What you are asked to do
Please reproduce all of the listing below exactly and drop its images.

━━━ Dataset content

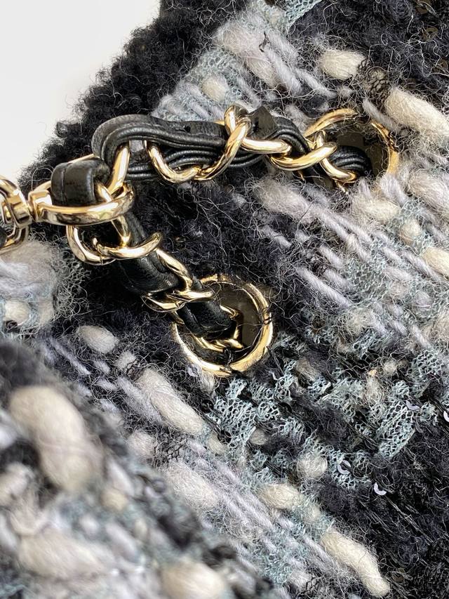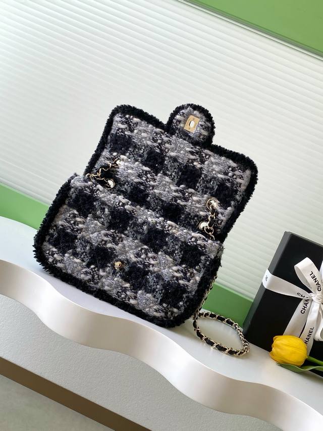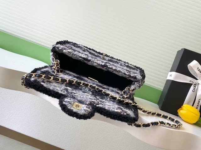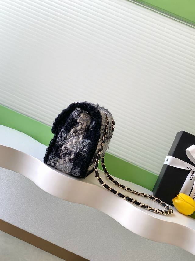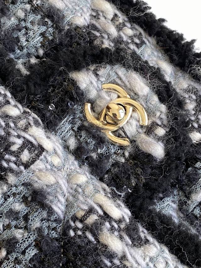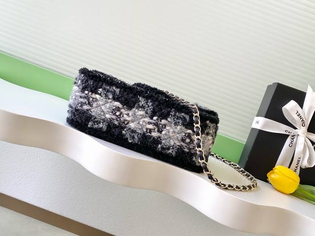 25N Tweed CF bag is a limited edition from the 2025/26 Coco Neige Ddd Ski Collection. It features a black and white tweed material with a classic double-C metal buckle, exuding elegance, retro charm, and high recognizability. The chain shoulder strap allows for hand-carrying or crossbody wear, making it both practical and stylish! The soft, layered tweed adds a touch of sophistication, perfect for pairing with sweaters and coats in winter. This Ski Collection is released only once a year, making it a highly collectible item and a must-have for fashion enthusiasts! Style number As5686. Sizes: 16.5-26.5-9 inches. Comes with packaging.
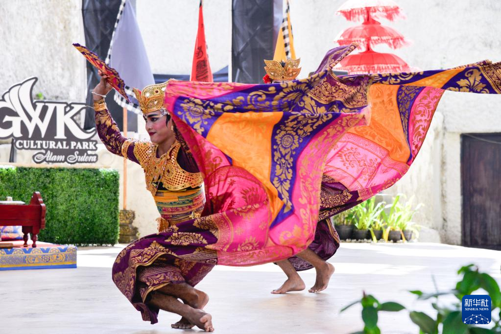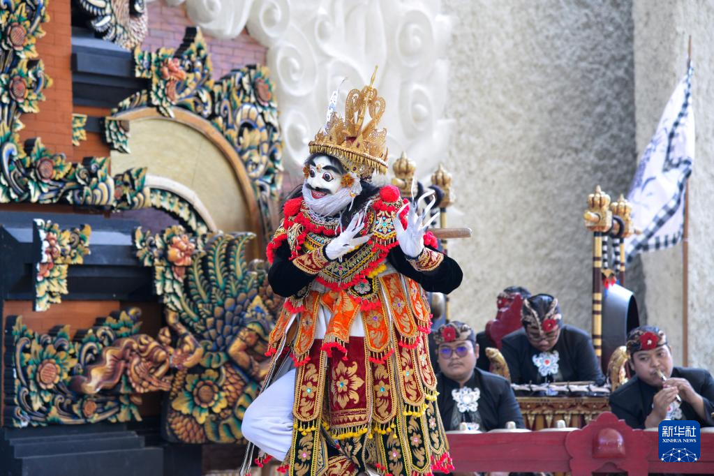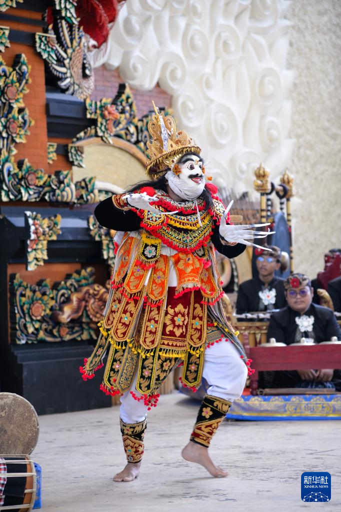 7月10日,舞者在印度尼西亚巴厘岛一处文化公园表演传统舞蹈面具舞。
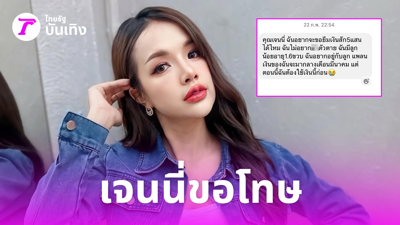 "คุณเจนนี่ ฉันอยากจะขอยืมเงินสัก 5 แสนได้ไหม ฉันไม่อยาก...ตัวตาย ฉันมีลูกน้อยอายุ 1.6 ขวบ ฉันอยากอยู่กับลูก แพลนเงินของฉันจะมากลางเดือนมีนาคม แต่ตอนนี้ฉันต้องใช้เงินนี้ก่อน" พร้อมอีโมจิร้องไห้
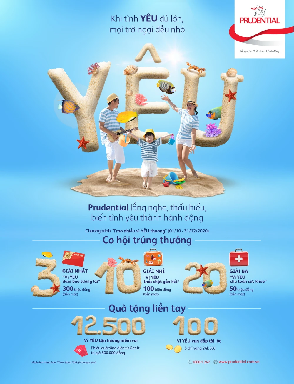 Nằm trong chiến dịch “Khi tình yêu đủ lớn” của Prudential Việt Nam, chương trình khuyến mại “Trao nhiều vì yêu thương” được triển khai với mong muốn lan tỏa tinh thần hãy vìYÊU mà hãy “hành động” để vun đắp tình yêu ngày càng lớn hơn nữa.

━━━━━━

Response to the exercise
 25N Tweed CF bag is a limited edition from the 2025/26 Coco Neige Ddd Ski Collection. It features a black and white tweed material with a classic double-C metal buckle, exuding elegance, retro charm, and high recognizability. The chain shoulder strap allows for hand-carrying or crossbody wear, making it both practical and stylish! The soft, layered tweed adds a touch of sophistication, perfect for pairing with sweaters and coats in winter. This Ski Collection is released only once a year, making it a highly collectible item and a must-have for fashion enthusiasts! Style number As5686. Sizes: 16.5-26.5-9 inches. Comes with packaging.
 7月10日,舞者在印度尼西亚巴厘岛一处文化公园表演传统舞蹈面具舞。
 "คุณเจนนี่ ฉันอยากจะขอยืมเงินสัก 5 แสนได้ไหม ฉันไม่อยาก...ตัวตาย ฉันมีลูกน้อยอายุ 1.6 ขวบ ฉันอยากอยู่กับลูก แพลนเงินของฉันจะมากลางเดือนมีนาคม แต่ตอนนี้ฉันต้องใช้เงินนี้ก่อน" พร้อมอีโมจิร้องไห้
 Nằm trong chiến dịch “Khi tình yêu đủ lớn” của Prudential Việt Nam, chương trình khuyến mại “Trao nhiều vì yêu thương” được triển khai với mong muốn lan tỏa tinh thần hãy vìYÊU mà hãy “hành động” để vun đắp tình yêu ngày càng lớn hơn nữa.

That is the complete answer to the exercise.